We do not sell personal information to anyone, ever. We do not share it with advertisers. We do not use it for tracking across other apps or websites.

We will disclose information if compelled by New Zealand law (a court order or lawful information request).

6. Where it's stored

Personal information is stored on Supabase infrastructure in Sydney, Australia. Australia is recognised by the New Zealand Office of the Privacy Commissioner as having a comparable privacy regime under IPP 12 (cross-border disclosure).

Some processing happens at edge locations (Vercel) in the course of serving the application; this processing is transient and no personal information is retained at the edge.

7. How long we keep it

  • While a dealership is an active customer: for as long as the dealership uses Vincero, plus as long as required to meet legal obligations (e.g. tax records, audit trails).
  • After a dealership closes its account: we delete or anonymise their data within 30 days, except where a legal obligation requires us to keep it longer.
  • Backups: deleted data may persist in encrypted backups for up to 90 days before being purged.

8. Your rights

Under the Privacy Act 2020 you have the right to:

  • Ask what personal information we hold about you (Information Privacy Principle 6).
  • Ask us to correct it if it's wrong (IPP 7).
  • Ask us to delete it if we no longer need it.
  • Withdraw consent for marketing or non-essential communications at any time.
  • Complain to us, or to the NZ Office of the Privacy Commissioner if you're unhappy with our response.

To exercise any of these rights, email us at hello@vincero.co.nz.
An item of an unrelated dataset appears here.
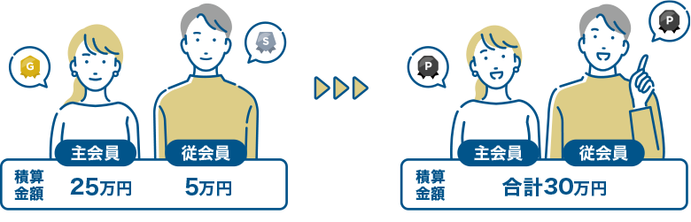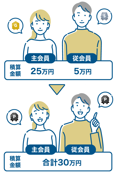 家族連携とは、主会員の方と最大9名のご家族(従会員)を連携し、家族全員の積算金額を合算できるサービスです。

We will respond within 20 working days as required by the Privacy Act.

9. SMS and the right to opt out

Where Vincero sends SMS on behalf of a dealership, the dealership has a relationship with the recipient (typically the recipient messaged the dealership first). Every commercial SMS includes an opt-out instruction (e.g. “Reply STOP to opt out”).

Replying STOP, UNSUBSCRIBE, or similar to any Vincero-sent SMS will result in the dealership not sending further SMS to that number, in line with the Unsolicited Electronic Messages Act 2007.

10. Cookies and analytics

The Vincero web applications use essential cookies for sign-in sessions. We do not use third-party advertising cookies. We use minimal first-party analytics to understand product usage in aggregate; no individual tracking.

The Vincero iOS app does not use advertising identifiers or cross-app tracking. App Store Connect provides Apple with anonymous, aggregated install and crash metrics; we receive these as totals only.

11. iOS app device permissions

The Vincero iOS app asks for the following device permissions. Each permission is used only for the purpose described, and you can revoke any of them at any time in iOS Settings.

  • Camera, used to photograph number plates for plate-scan autofill, to scan the PDF417 barcode on the back of a NZ driver licence for test-drive identity verification, and to add photos of vehicles to the inventory.
  • Photo Library, used to attach existing photos (taken outside the app) to a vehicle record.

Photos and licence scans are uploaded to our Supabase storage buckets, scoped to the dealership's account. Plate and licence-front images are also sent to Google's Gemini OCR service in real time for text extraction (see section 5).

12. Security

We follow industry-standard practices: encryption in transit (HTTPS), encryption at rest (managed by Supabase), strong authentication, and least-privilege access for staff. No system is completely secure; if a breach affecting your information occurs, we will notify you and the Office of the Privacy Commissioner as required by the Privacy Act.

13. Changes to this policy

We may update this policy as the product evolves. The “Last updated” date at the top reflects the most recent revision. Material changes will be communicated to active users by email.

14. Contact us

For any privacy question, complaint, or request, email hello@vincero.co.nz. You can also write to us at our registered office: 94 Falsgrave Street, Waltham, Christchurch, 8011, New Zealand.

If you're not satisfied with our response, you can contact the New Zealand Office of the Privacy Commissioner at privacy.org.nz.